* ACTIVITY:
Make an exact copy of the data below, leaving out every picture.
---------- RAW DATA
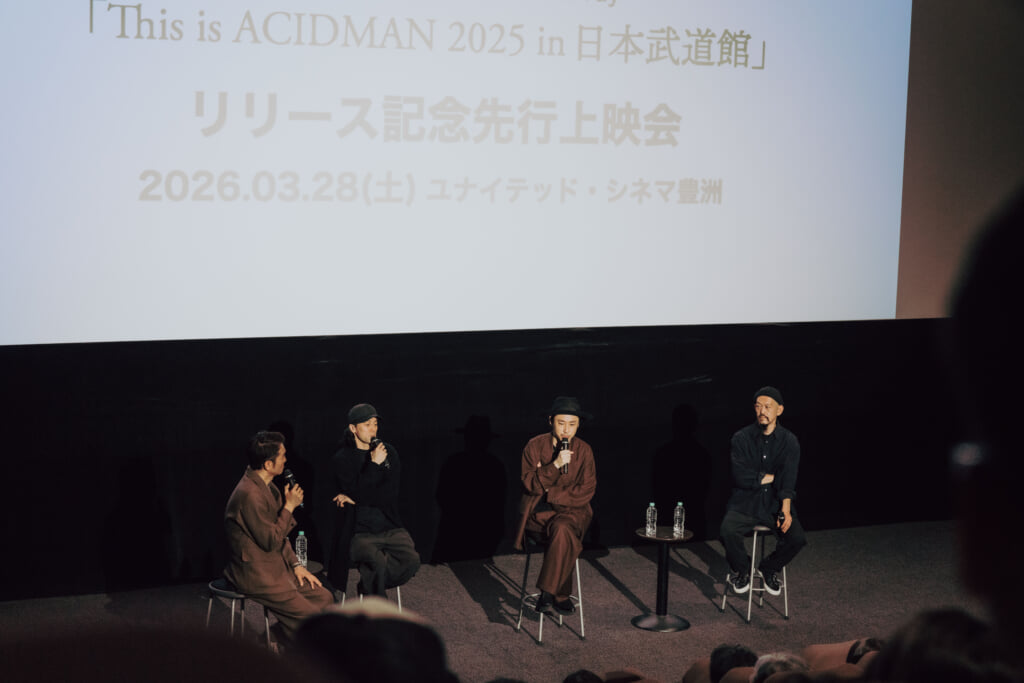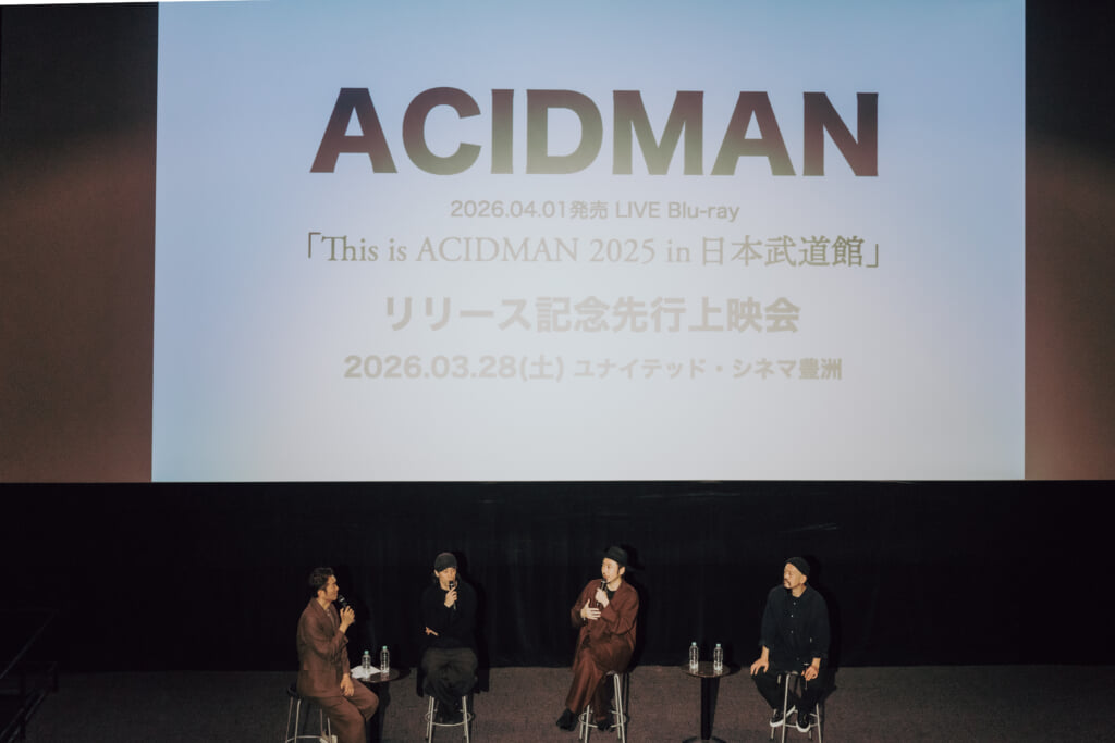 2026年4月1日にリリースされるライブBlu-ray『This is ACIDMAN 2025 in 日本武道館』を、いち早く体感できる先行上映会が3月28日、東京・ユナイテッド・シネマ豊洲で開催された。約3時間に及ぶ本編上映に加え、上映後にはACIDMANのメンバー3人が登壇する舞台挨拶も実施。武道館の熱量と緊張感を、映画館の大画面と大音量で再体験する特別な1日となった。同イベントのオフィシャルレポートをお届けしたい。
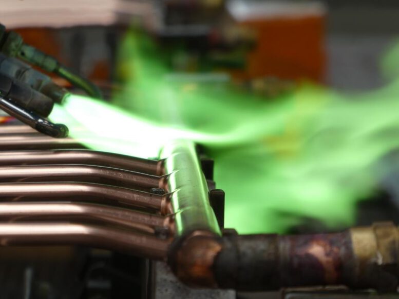 Löten der Kupferrohre eines Solarthermiemoduls – Foto © Gerhard Hofmann für Solarify
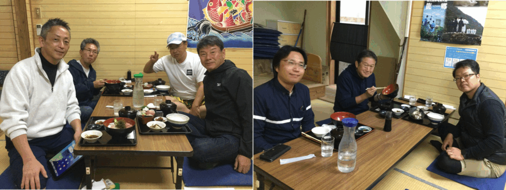 ここでは、 朝に取れた魚が食べれるという事で皆んな楽しみにしていましたが、 前夜から天候が荒れ、波も荒れている状況でしたので、 食べれるかな?と思っていましたが、無事に美味しくいただくことができました。
--------------------
* ANSWER TO THIS PROBLEM:
 2026年4月1日にリリースされるライブBlu-ray『This is ACIDMAN 2025 in 日本武道館』を、いち早く体感できる先行上映会が3月28日、東京・ユナイテッド・シネマ豊洲で開催された。約3時間に及ぶ本編上映に加え、上映後にはACIDMANのメンバー3人が登壇する舞台挨拶も実施。武道館の熱量と緊張感を、映画館の大画面と大音量で再体験する特別な1日となった。同イベントのオフィシャルレポートをお届けしたい。
 Löten der Kupferrohre eines Solarthermiemoduls – Foto © Gerhard Hofmann für Solarify
 ここでは、 朝に取れた魚が食べれるという事で皆んな楽しみにしていましたが、 前夜から天候が荒れ、波も荒れている状況でしたので、 食べれるかな?と思っていましたが、無事に美味しくいただくことができました。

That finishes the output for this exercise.